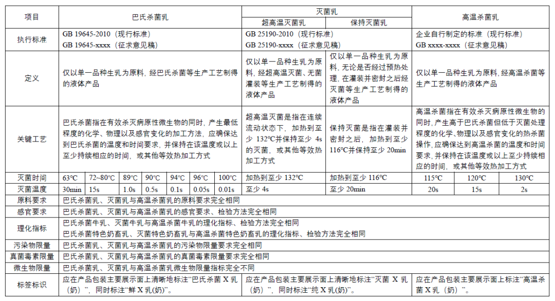 中食安信根据本次国家卫生健康委员会发布的《食品安全国家标准 巴氏杀菌乳》(征求意见稿)、《食品安全国家标准 灭菌乳》(征求意见稿)和《食品安全国家标准 高温杀菌乳》(征求意见稿),总结巴氏杀菌乳、灭菌乳、高温杀菌乳的定义、关键工艺、灭菌时间及温度、理化指标等方面的异同点,具体内容见下表:
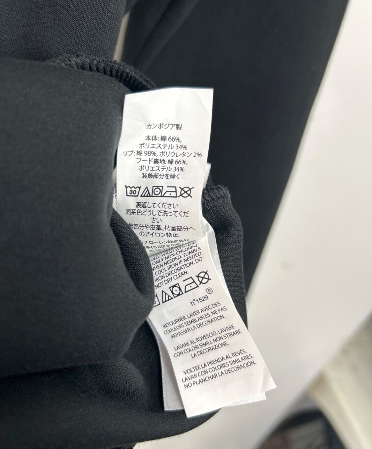 | 素材 | 本体 綿66% ポリエステル34% リブ部分 綿98% ポリウレタン2% フード裏地 綿66% ポリエステル34% 装飾部分を除く |
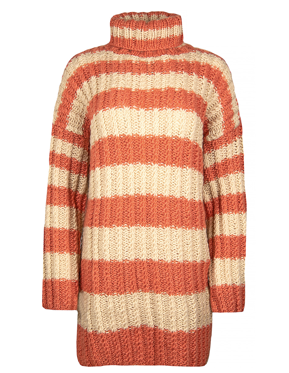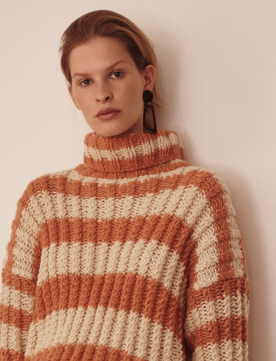325 (350) g of Lana Grossa Lala Berlin Lovely Cashmere (60% cashmere, 25% polyamide, 15% Merino wool; 60 m/25 g) in Salmon (col 2); 300 (350) g of Lana Grossa Lala Berlin Lovely Cotton (75% superfine Merino wool; 25% cotton; 75 m/50 g) in Natural (col 7). Size 8 mm needles; size 7 mm circular needle, 50 cm long
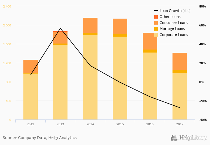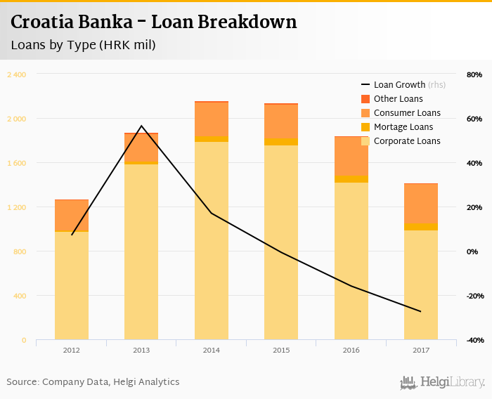 Mortgage loans represented 4.50% of the bank's loan book at the end of the year 2017, consumer further 24.7% and corporate loans 70.3% of total loans.
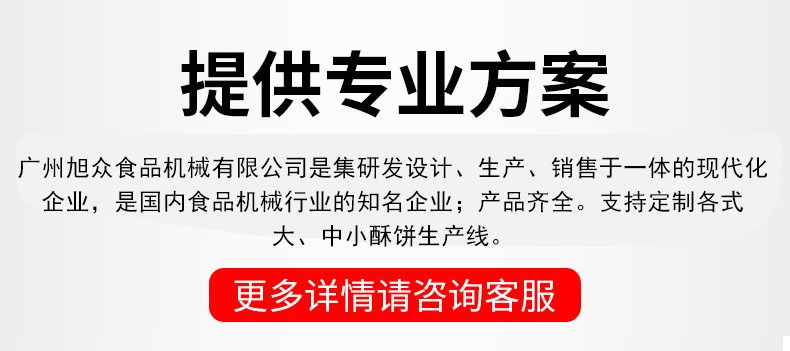 廣州旭眾食品機(jī)械有限公司是一家集科研開發(fā),生產(chǎn)設(shè)計(jì),營銷服務(wù)為一體的現(xiàn)代化生產(chǎn)企業(yè)。現(xiàn)代化生產(chǎn)車間,精湛制造技術(shù),所產(chǎn)機(jī)械歷經(jīng)市場重重考驗(yàn),不斷贏得海內(nèi)外客戶的贊譽(yù)。
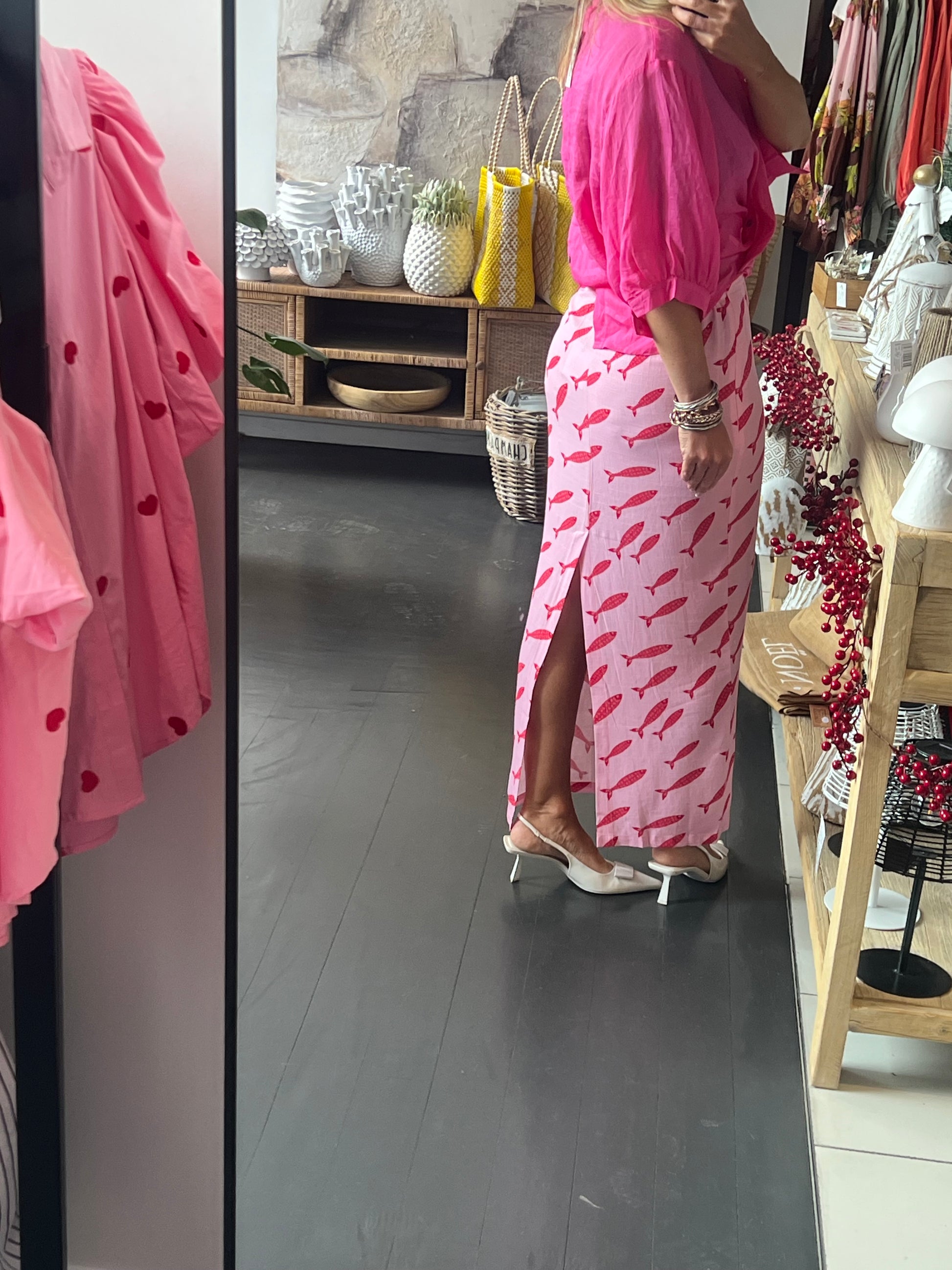 The fit is universally flattering, offering effortless comfort for every shape. Its standout feature is the vibrant Mediterranean-inspired print of swimming sardines in pink and red, this season’s most coveted colour combination.
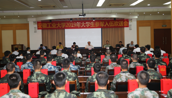 9月9日上午,威尼斯官网2019年大学生参军入伍欢送会在佳山校区举行。副校长刘明,花山区人武部部长赵德全,花山区退役军人事务局局长刘雯,学生工作部(处)、武装部、教务处、团委及各学院学生工作负责人、辅导员和全体新兵参加欢送会。校党委武装部部长吴文兵主持欢送会。
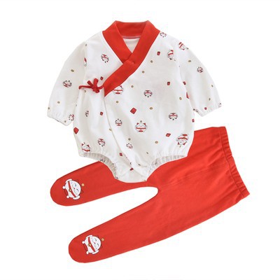 Honeyson婴儿连体衣秋装网红ins汉服长袖三角哈衣冬宝宝包屁衣和尚服初生x223
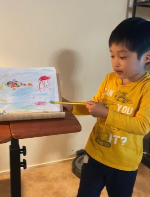 엄마랑 그린 바닷속 그림을 설명해주는 선재~
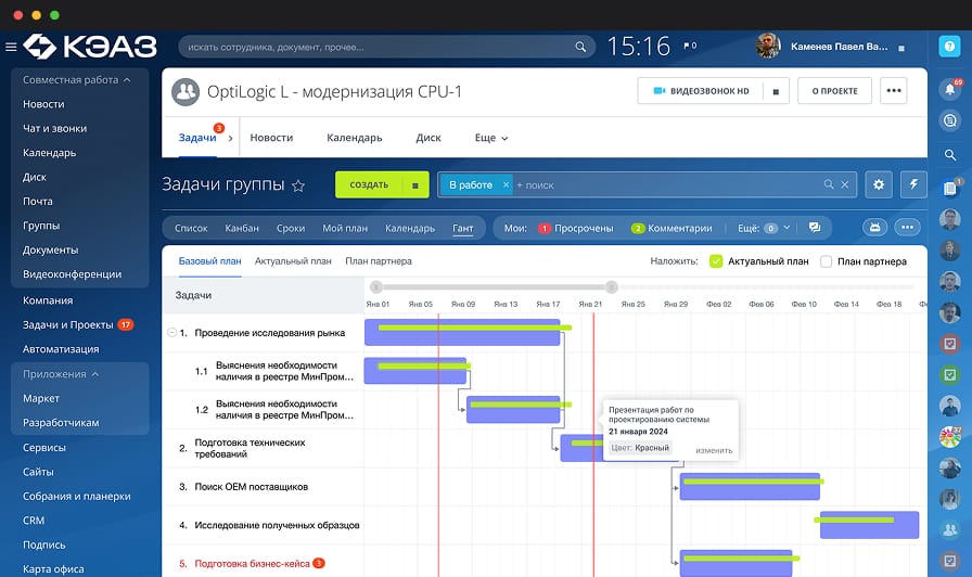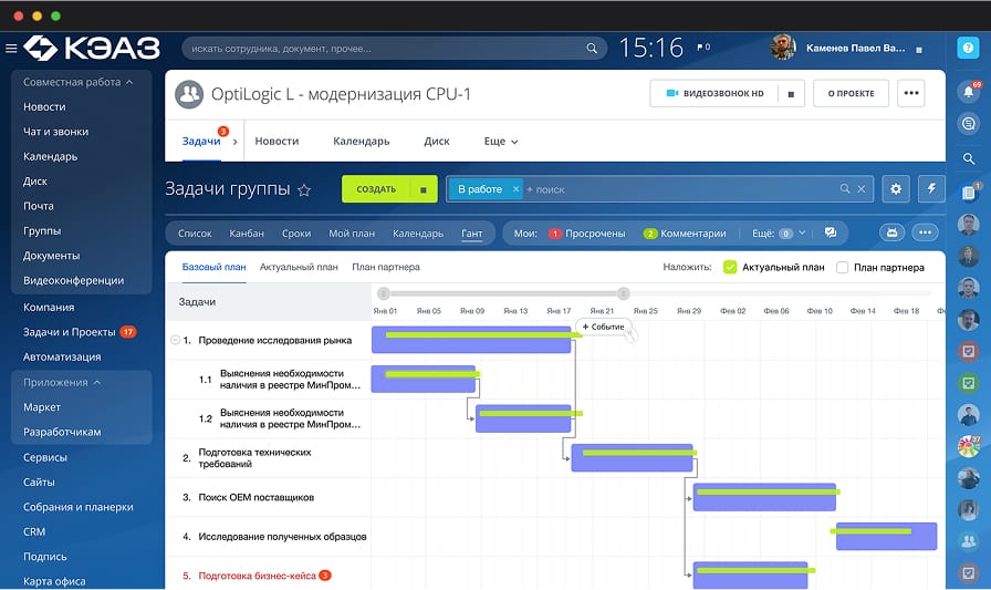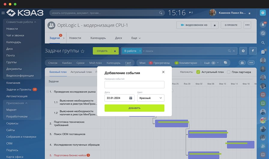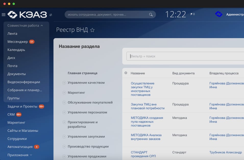 Проект представляет собой корпоративный портал на базе Битрикс24, который служит центром интеграции всех бизнес-процессов и обеспечивает удобный доступ к внутренним процессам и информации.
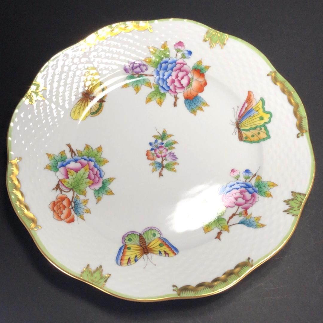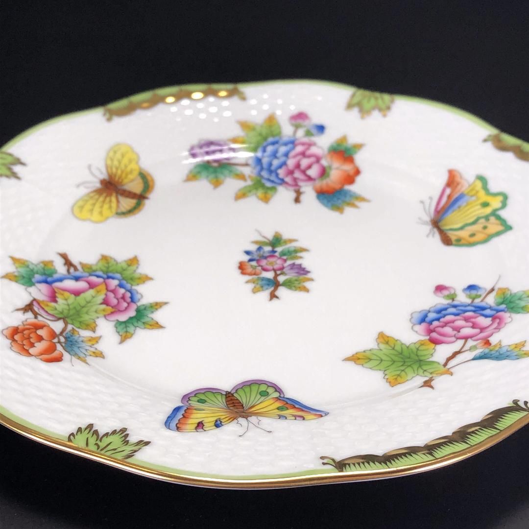 【美品】HEREND ヘレンド/ヴィクトリアブーケ プレート 皿/金彩/花・蝶・フローラル/ホワイト・マルチカラー

==============================

To do
All the records above need to be given again word for word. Skip the pictures.

Response to the task
 中食安信根据本次国家卫生健康委员会发布的《食品安全国家标准 巴氏杀菌乳》(征求意见稿)、《食品安全国家标准 灭菌乳》(征求意见稿)和《食品安全国家标准 高温杀菌乳》(征求意见稿),总结巴氏杀菌乳、灭菌乳、高温杀菌乳的定义、关键工艺、灭菌时间及温度、理化指标等方面的异同点,具体内容见下表:
 | 素材 | 本体 綿66% ポリエステル34% リブ部分 綿98% ポリウレタン2% フード裏地 綿66% ポリエステル34% 装飾部分を除く |
325 (350) g of Lana Grossa Lala Berlin Lovely Cashmere (60% cashmere, 25% polyamide, 15% Merino wool; 60 m/25 g) in Salmon (col 2); 300 (350) g of Lana Grossa Lala Berlin Lovely Cotton (75% superfine Merino wool; 25% cotton; 75 m/50 g) in Natural (col 7). Size 8 mm needles; size 7 mm circular needle, 50 cm long
 Mortgage loans represented 4.50% of the bank's loan book at the end of the year 2017, consumer further 24.7% and corporate loans 70.3% of total loans.
 廣州旭眾食品機(jī)械有限公司是一家集科研開發(fā),生產(chǎn)設(shè)計(jì),營銷服務(wù)為一體的現(xiàn)代化生產(chǎn)企業(yè)。現(xiàn)代化生產(chǎn)車間,精湛制造技術(shù),所產(chǎn)機(jī)械歷經(jīng)市場重重考驗(yàn),不斷贏得海內(nèi)外客戶的贊譽(yù)。
 The fit is universally flattering, offering effortless comfort for every shape. Its standout feature is the vibrant Mediterranean-inspired print of swimming sardines in pink and red, this season’s most coveted colour combination.
 9月9日上午,威尼斯官网2019年大学生参军入伍欢送会在佳山校区举行。副校长刘明,花山区人武部部长赵德全,花山区退役军人事务局局长刘雯,学生工作部(处)、武装部、教务处、团委及各学院学生工作负责人、辅导员和全体新兵参加欢送会。校党委武装部部长吴文兵主持欢送会。
 Honeyson婴儿连体衣秋装网红ins汉服长袖三角哈衣冬宝宝包屁衣和尚服初生x223
 엄마랑 그린 바닷속 그림을 설명해주는 선재~
 Проект представляет собой корпоративный портал на базе Битрикс24, который служит центром интеграции всех бизнес-процессов и обеспечивает удобный доступ к внутренним процессам и информации.
 【美品】HEREND ヘレンド/ヴィクトリアブーケ プレート 皿/金彩/花・蝶・フローラル/ホワイト・マルチカラー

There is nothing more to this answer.